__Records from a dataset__
*** Begin section ***
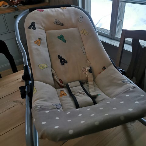 Babysitter från Maxi Cosi som kan va i gungande läge eller fälla upp stödbenen så den blir mer uppåtsittande.
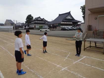 運動会のラジオ体操で前に立って行う役を任された運動・安全委員会の子供たちが、朝活動の時間を利用して、先生とともに練習を行っていました。
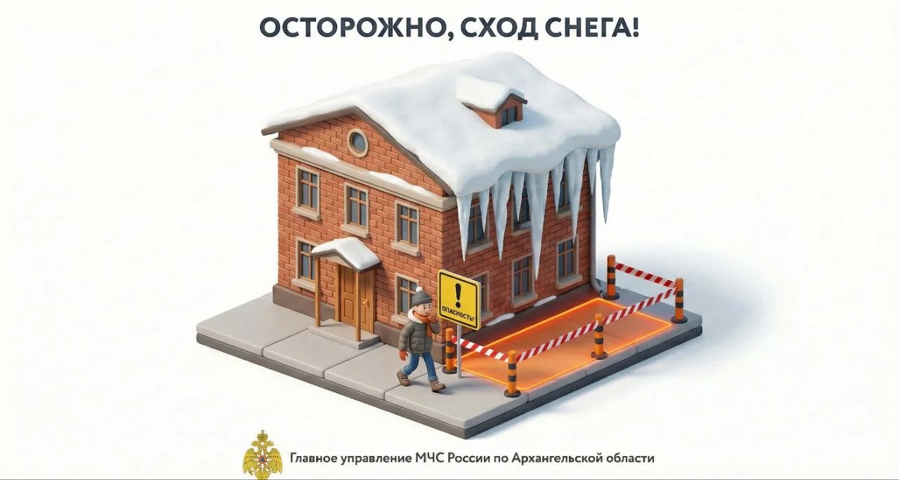 Главное управление МЧС России по Архангельской области предупреждает: нависающий снег и сосульки на крышах представляют опасность для пешеходов.
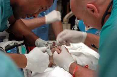 View Original:US_Navy_050930-N-6843I-016_U.S._Navy_Ens._Frank_Percy,_right,_a_physician^rsquo,s_assistant_from_Naval_Medical_Center_San_Diego,_works_along_side_a_medical_student_from_University_of_Southern_California_Medical_Center_to_remove.jpg (2464x1632)
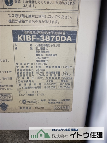 お客様宅では、長府KIBF-3870DAを16年間お使いでした。
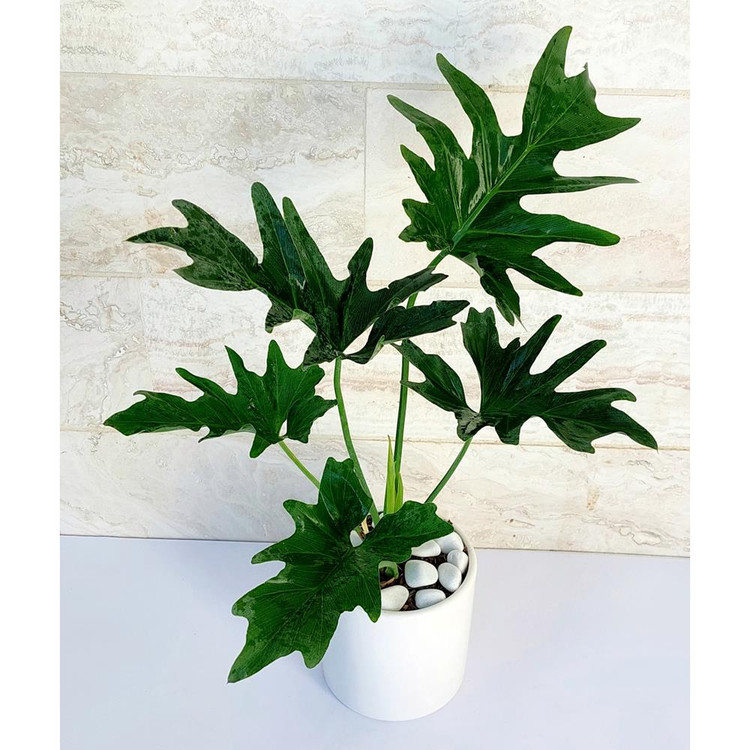 برگ انجیری فر ( فیلودندرون سیلوم ) گیاه آپارتمانی جذاب همراه با گلدان سرامیکی
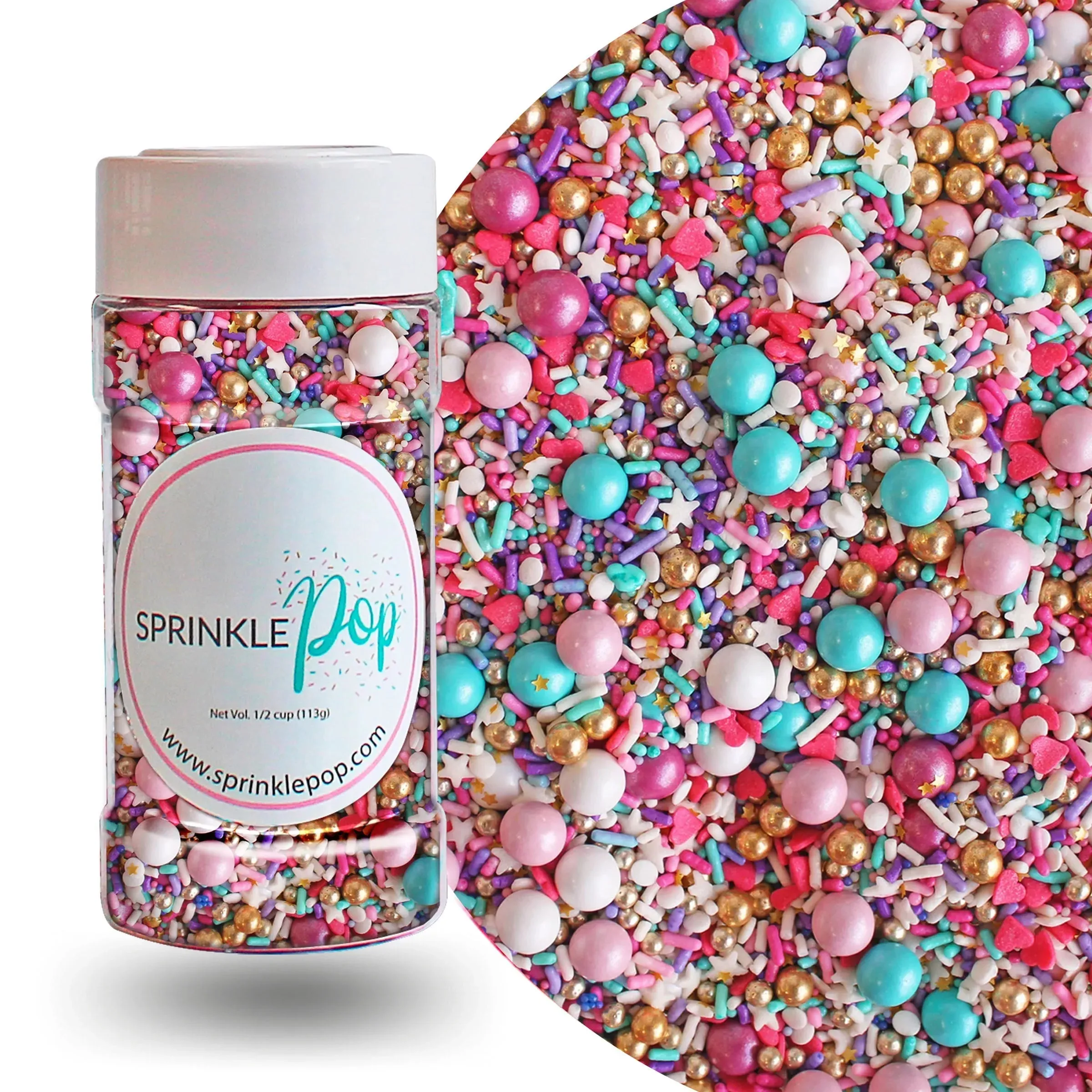 Aqua sprinkles pop against a pink and purple background in Hey Sugar!
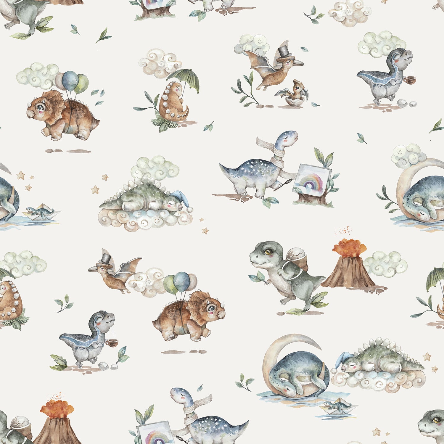 Gentle Dino Days is a heartwarming dinosaur wallpaper that blends soft watercolor charm with childhood imagination. On a soothing crème background, friendly dinos float on clouds, sip cocoa, paint rainbows, and drift into dreamy naps, making this design ideal for nurseries, toddler bedrooms, pediatric offices, or luxury play spaces.
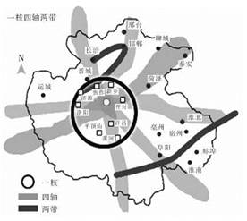 单选题 2012年12月2日,国家发改委正式发布了 《中原经济区规划》。规划提出要加快形成“一核四轴两带”放射状、网络化发展格局,其中,四轴是 沿陇海发展轴、沿京广发展轴、沿济(南)郑(州)渝 (重庆)发展轴、沿太(原)郑(州)合(肥)发展轴。据此回答下面各题。
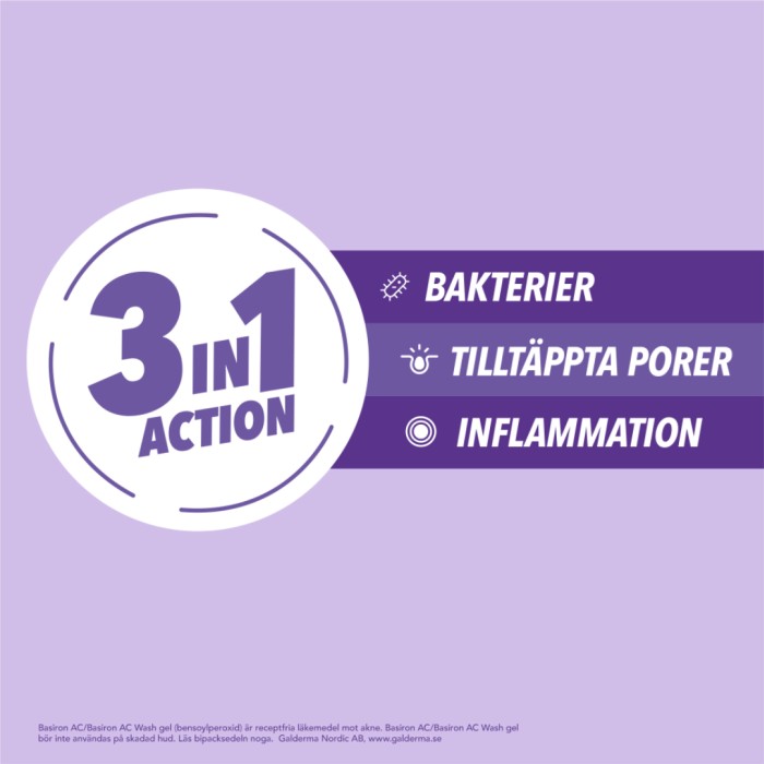 Basiron AC är Sveriges mest sålda receptfria läkemedel mot akne. Basiron AC innehåller bensoylperoxid som har en bakteriedödande effekt på acnebakterien Propionibacterium acnes. Bensoylperoxid ger även avfjällning av huden och därmed avlägsnas det överskott av hornämne som täpper till talgsäckarna.
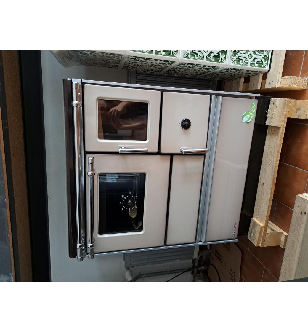 Rozměr trouby je 46 x 44 x 26 cm. Dvojité sklo trouby s vestavěným teploměrem. Dvě pozice dvířek trouby - zimní, letní provoz.
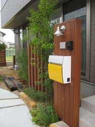 お馴染みのアイアンウッドで造作した門柱。ステンカラーの照明と表札、イエローのポストを組み合わせ、門廻りを際立たせました。
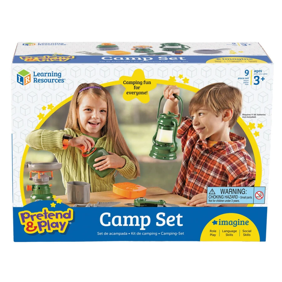 Verhalen vertellen bij het kampvuur en rollenspel spelen op de camping. Kinderen houden van kamperen dus laat ze overal hun denkbeeldige camping opzetten met deze 9-delige set! Inclusief unieke verlichte lantaarn en fornuis (elk vereist 2 AA-batterijen, niet inbegrepen) en andere kampeergereedschappen die nodig zijn om te overleven in de zogenaamde wildernis!
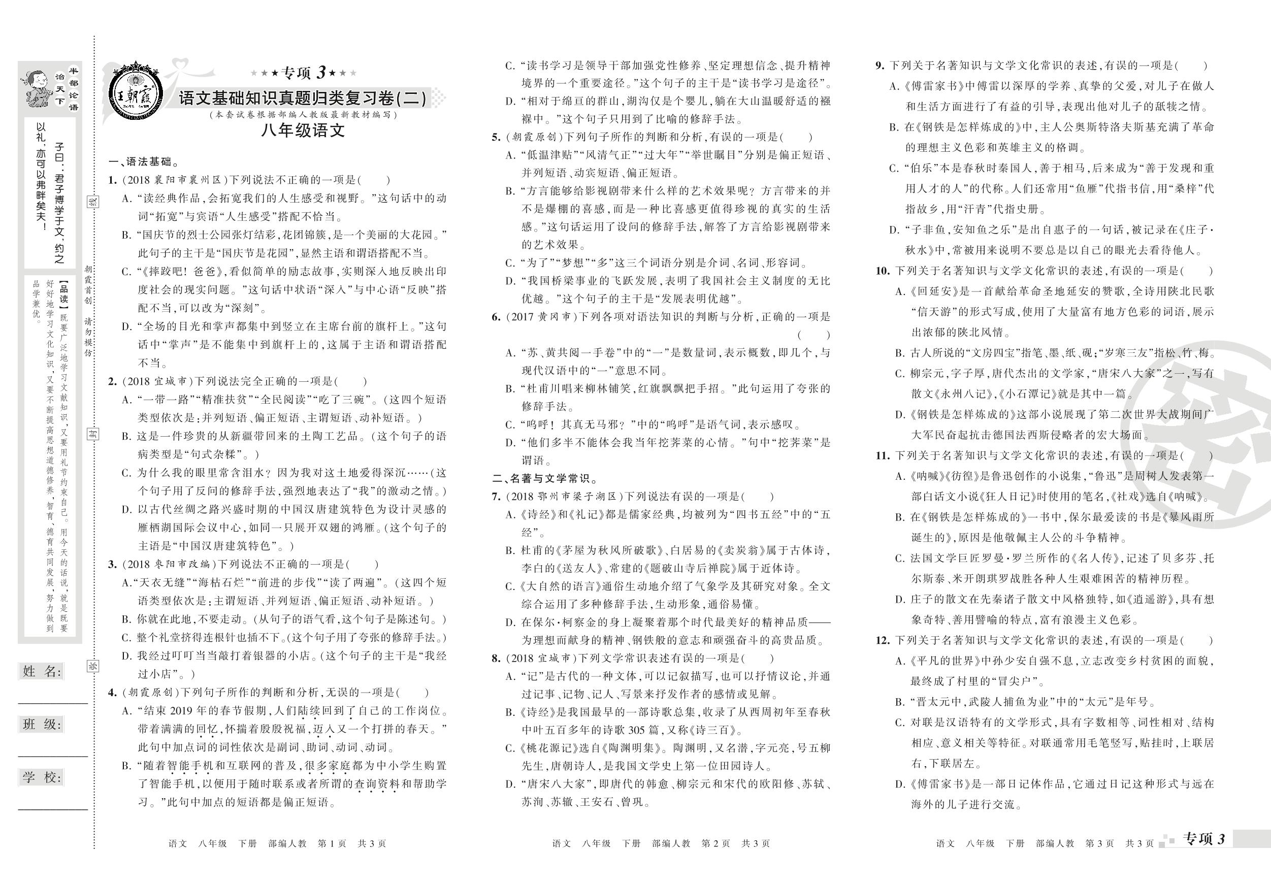 王朝霞期末专项卷——语文基础知识(二)(三)真题归类复习卷八年级下册语文(人教版)_R21080251910【0】
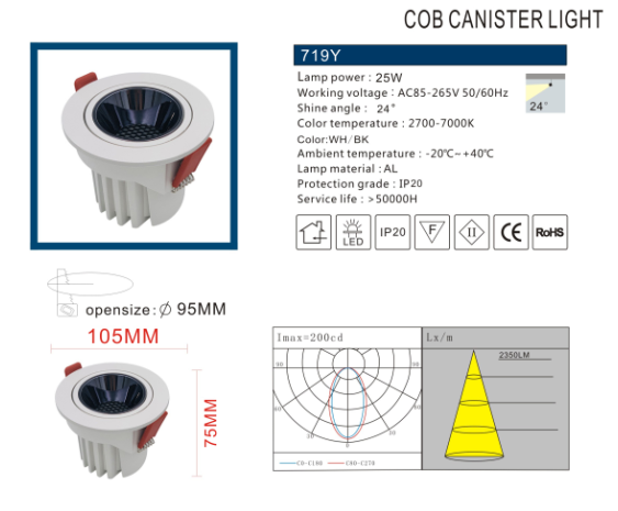 Working voltage :AC85-265V 50/60HzShine angle : 24*
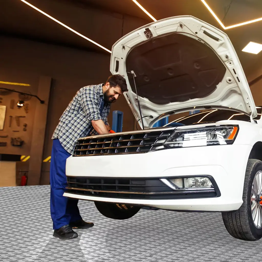 Feature: Multi-scene Versatility: Our garage tiles for multiple uses truly cover various scenarios. Whether it's a professional garage needing protection, or adding a comfortable shield in a personal warehouse, repair shop, or car exhibition, garage floor covering tiles are up to the task. 5500lbs Load Capacity: Our garage flooring interlocking tiles measure a thickness of 0.53inch / 13.4mm, ensuring outstanding wear resistance while providing robust load-bearing capability. It is capable of supporting up to 5500lbs without damage, even for large trucks. Upgraded Interlocking: These garage flooring tiles are enhanced with 6 interlocking loops for a smoother installation, ensuring a seamless fit without protrusions. Simply lay the garage floor tiles and interlock them within minutes. No tools, glue, or extra manpower required. Easy to Clean: Our garage tiles feature a 3D diamond-textured surface and rhombic grid bottom layer. Regular mopping and vacuuming maintain cleanliness. Superior Protection: Our interlocking garage floor tiles provide comprehensive protection for your floors, even for those prone to damage. Excellent non-slip properties ensure the mats stay in place. Package Content: 25 x Garage Tiles 1 x User Manual
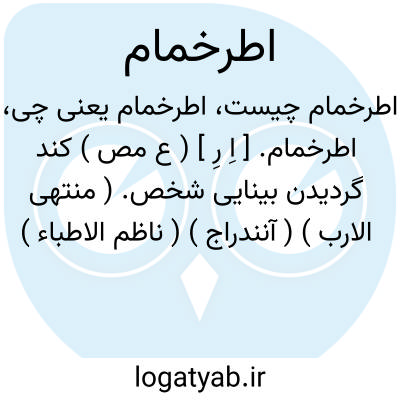 اطرخمام. [ اِ رِ ] ( ع مص ) کند گردیدن بینایی شخص. ( منتهی الارب ) ( آنندراج ) ( ناظم الاطباء ) ( از اقرب الموارد ). || سخت تاریک و سیاه شدن شب. ( منتهی الارب ) ( ناظم الاطباء ) ( آنندراج ). سیاه شدن شب. ( از اقرب الموارد ). || تکبر کردن و بزرگ منشی نمودن.( منتهی الارب ) ( آنندراج ) ( ناظم الاطباء ). گردنکشی کردن. ( زوزنی ). صاحب اقرب الموارد در ذیل اسم فاعل آن ( مطرخم ) معانی مضطجع ( بر بستر خوابیده ) و غضبان و متکبر و جز اینها را آورده است. رجوع به مطرخم شود.
*** End section ***
__Task brief__
Give back, exactly and without pictures, the stretch of the records above from the line containing "Basiron AC är" through the line containing "Working voltage :AC85-265V", with both end lines included.

__Response to the exercise__
 Basiron AC är Sveriges mest sålda receptfria läkemedel mot akne. Basiron AC innehåller bensoylperoxid som har en bakteriedödande effekt på acnebakterien Propionibacterium acnes. Bensoylperoxid ger även avfjällning av huden och därmed avlägsnas det överskott av hornämne som täpper till talgsäckarna.
 Rozměr trouby je 46 x 44 x 26 cm. Dvojité sklo trouby s vestavěným teploměrem. Dvě pozice dvířek trouby - zimní, letní provoz.
 お馴染みのアイアンウッドで造作した門柱。ステンカラーの照明と表札、イエローのポストを組み合わせ、門廻りを際立たせました。
 Verhalen vertellen bij het kampvuur en rollenspel spelen op de camping. Kinderen houden van kamperen dus laat ze overal hun denkbeeldige camping opzetten met deze 9-delige set! Inclusief unieke verlichte lantaarn en fornuis (elk vereist 2 AA-batterijen, niet inbegrepen) en andere kampeergereedschappen die nodig zijn om te overleven in de zogenaamde wildernis!
 王朝霞期末专项卷——语文基础知识(二)(三)真题归类复习卷八年级下册语文(人教版)_R21080251910【0】
 Working voltage :AC85-265V 50/60HzShine angle : 24*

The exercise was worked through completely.